Fátima, de 25 años, dijo que fue violada por una media docena de soldados en junio de 2017, en el distrito de Maungdaw, en un momento en que su esposo Mohammad Hussein, había huido de la aldea para escapar del arresto. Reunido cuatro meses después en el campo de refugiados de Kutupalong, Hussein vio que estaba embarazada e inmediatamente pensó: «Mi mundo se estaba cayendo».

«Pensé que se divorciaría de mí», dijo Fátima.

Pero habían perdido a su primer hijo por neumonía dos años antes, y la idea de abandonar a otro llenó a la pareja de angustia.

«Nunca pensamos en el aborto», dijo Hussein, de 35 años. «Esto le sucedió a muchas mujeres. Pensamos, Alá se hará cargo de este niño».

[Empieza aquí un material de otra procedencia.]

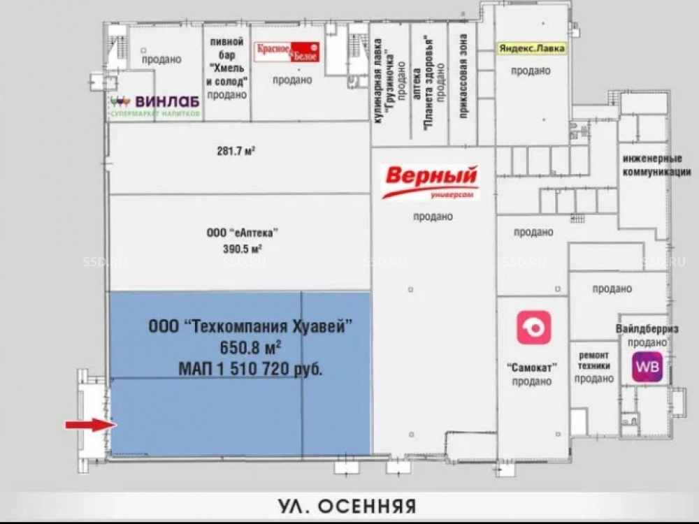 ПСН в ОСЗ; общая площадь - 650.8 кв.м.; два отдельных входа с фасада; сложившийся жилой массив; выделенная мощность - 30 кВт ; хороший рекламный потенциал. ЗУ в долгосрочной аренде.

La llamaron Samira, que en árabe significa «la que es amada». Ahora, con casi 4 meses, dormitaba en una cartulina dentro de una cuna de madera que Hussein había comprado en el campamento, utilizando dinero que ganó transportando ladrillos y bambú para la construcción. Sus dedos estaban manchados de pintura roja, que sus padres creían que la haría hermosa.

Cuando despertó, los ojos cansados de Hussein se iluminaron mientras la levantaba y la apoyaba sobre sus rodillas.

«Si no hubiéramos tenido este bebé», sonrió, «no hubiéramos experimentado esta alegría».

Después de que su intento de aborto falló, Uma Suleiman comenzó a prepararse. No tenía dinero, por lo que ella y su hija de 15 años, Zainab, crearon una cuna con palos de madera, cuerda y un saco vacío del arroz que recibieron como ayuda alimentaria.

«Cuando pienso en lo que le sucedió a mi madre, lloro», dijo Zainab.

En una clínica de Médicos Sin Fronteras, poco antes de dar a luz, le dijeron a Uma Suleiman sobre otra opción: podría darle el bebé a otra familia rohingya. Los grupos de socorro han trabajado para identificar a los refugiados dispuestos a adoptar recién nacidos.

Al final, Uma Suleiman no pudo darlo en adopción.

«Decidí: Esto me pasó a mí», dijo. «No fue algo que hice. Así que pensé que debería quedarme con el bebé «.